I will agree that coils get hot and still function fine. However, the coil I mentioned never got hot to the touch. The car would start normally, run for a few miles, start to stutter and stop. Classic fuel starvation symptoms. Let the car sit for 10 minutes and it would start all over again. First order of business was to replace the fuel filter, Quick, easy and cheap. Then check the fuel pump, all was OK. After checking everything we could think of (this was an auto mechanics class many years ago), we put the car on the scope. Coil would flatline when run for a few minutes. No red herring there. A coil is easy to switch, as is a condenser.
Bruce

Nov 03, 2009 19:04:14
a bad habit

Check the points and condenser first, I think it's the condenser. How close are you to Memphis? I live about 40 minutes north of the city.

Nov 03, 2009 19:52:02
ddubois

Samiam - For tips on troubleshooting a fuel related problem, see the article, Fuel Delivery Troubleshooting Guide in the SU Fuel Pump Articles section of my web site at: http://homepages.donobi.net/sufuelpumps/
Cheers,

Nov 03, 2009 20:42:39
golf

Do the easiest and cheapest things first....

Nov 04, 2009 10:40:07
samiam

When it falls flat, it just wants to cut out. If I keep it in gear (I use second cause I'm only in my neighborhood) I can keep it going. It runs like a dog though like it’s lost its desire to live, no performance after that. Starvation sound very plausible. The points look new, so I'm gonna check the gap. I've heard of the heater valve being an issue (even looked on YouTube on how to adjust, University Motors was a very giving shop to make all those videos.) I have the new coil and condenser, so I will be installing that (wasn't sure about the coil getting hot thing, I've never touched one I wasn't working on.) Then after a good test drive I'll see if condition happens again, if so I'll pull the gas cap and see if she does alright. If it still feels ill, I’m gonna hit up Dave's fuel system trouble shooting guide, and inspect the tank. Ya'll are on the same page as me, start with the easy and inexpensive first.

Got a check list for today, I'll be back tonight to let ya'll know the out come.
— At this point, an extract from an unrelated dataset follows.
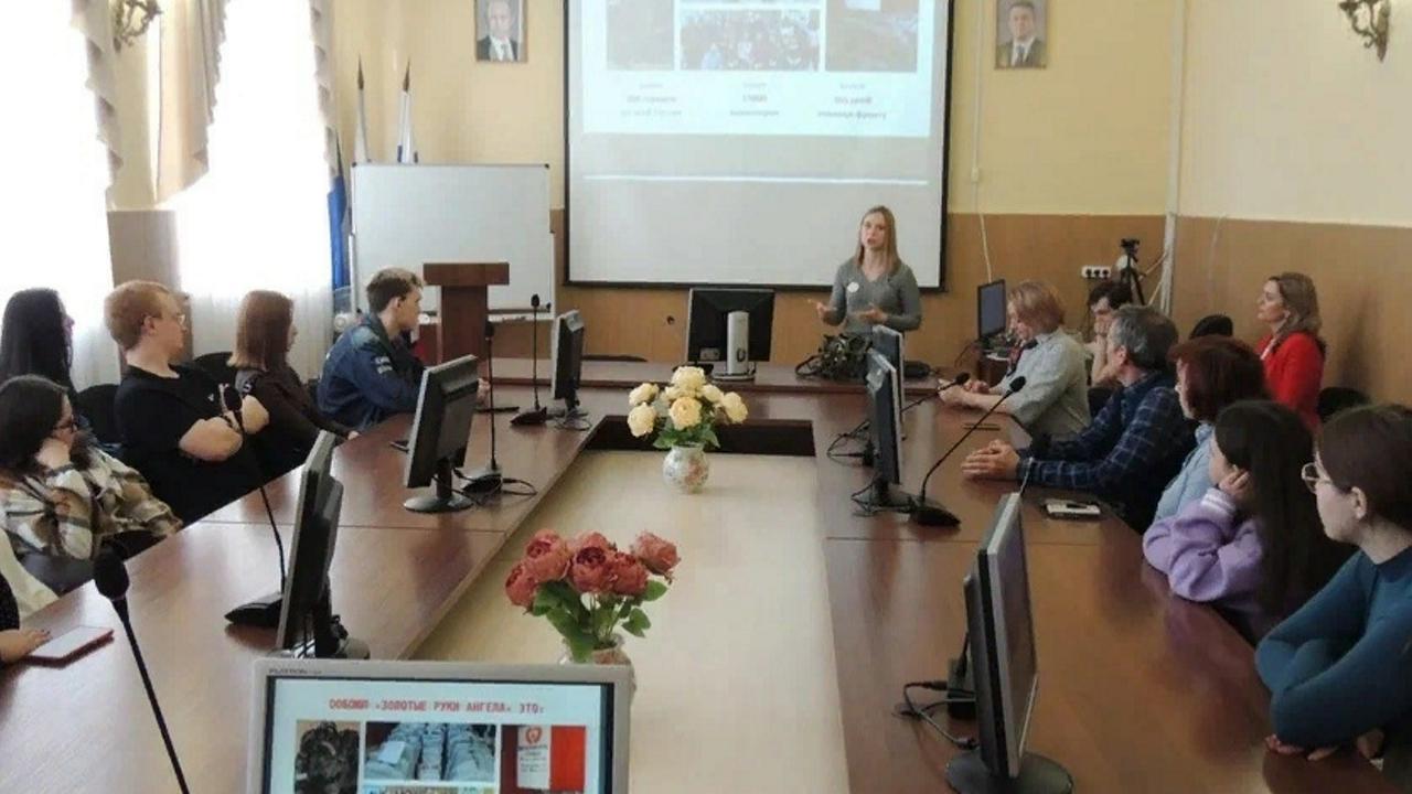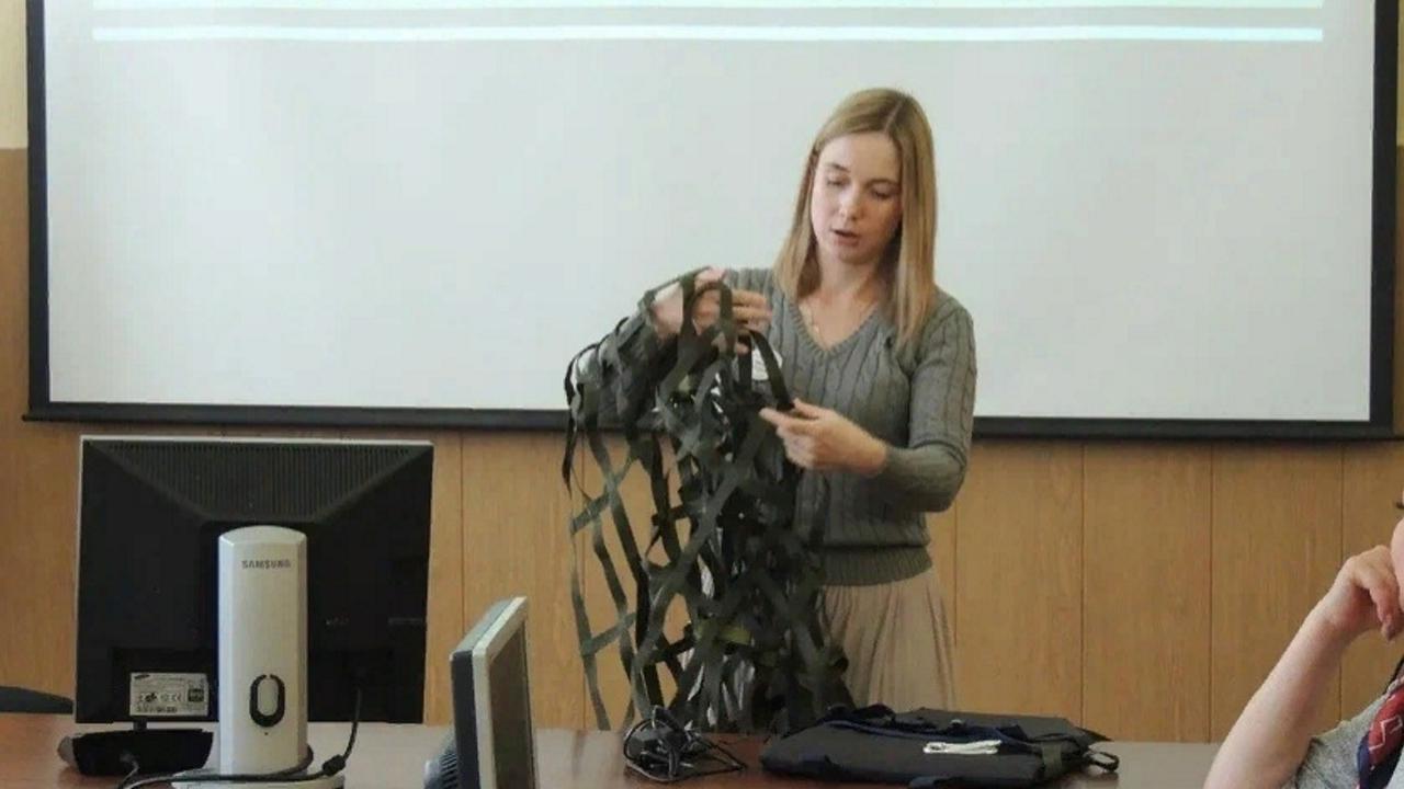 Шибиркина Дарья Анатолиевна рассказала об Общественной организации без образования юридического лица "Золотые руки Ангела", которая занимается изготовлением тактических носилок для раненых, а также различного снаряжения для военных, аптечек и прочего необходимого медицинского инвентаря. Она не только рассказала студентам о снаряжении, но и продемонстрировала его.

For my Tennessee friends, I'm an hour north of Nashville maybe a spring mid-south cruise would be fun?

Thanks for all the help,
samiam
:)

Nov 04, 2009 15:29:57
samiam

Alright, checked the points gap and found the points and condensor have already been replaced. I found out from my sister that my two uncles replaced them. I trust those two with any thing I have. Checked the heater valve and found the cable to it isn't attached because it's snapped off, and the valve itself is siezed in the high position. After all that, it's not leaking onto the dizzy. I installed the new coil, found an added wire going to the positive side terminal. I left it off and attempted to start the car. Car starts, it even idles better (used to have to keep the choke around 1800rpm to keep running when cold.) I watched the RPM and oil guage start working intermittently. Reconnected the add on wire and still the same. While starting the car at one point my father said there was sparks arcing from the air cleaner to the brake lines near the master cylinder. Crap. Couldn't test drive the car cause local PD was all over my neighborhood all day and car isn't registered. So I'm gonna test drive tomorrow.

samiam

Nov 04, 2009 15:46:40
samiam

Almost forgot, removed the fuel line after the fuel filter and powered the vehicle, it flowed fine through the filter. And thanks for the info Mac, I wish I had known NAPA had a good brand for a coil. I had already ordered one from Moss.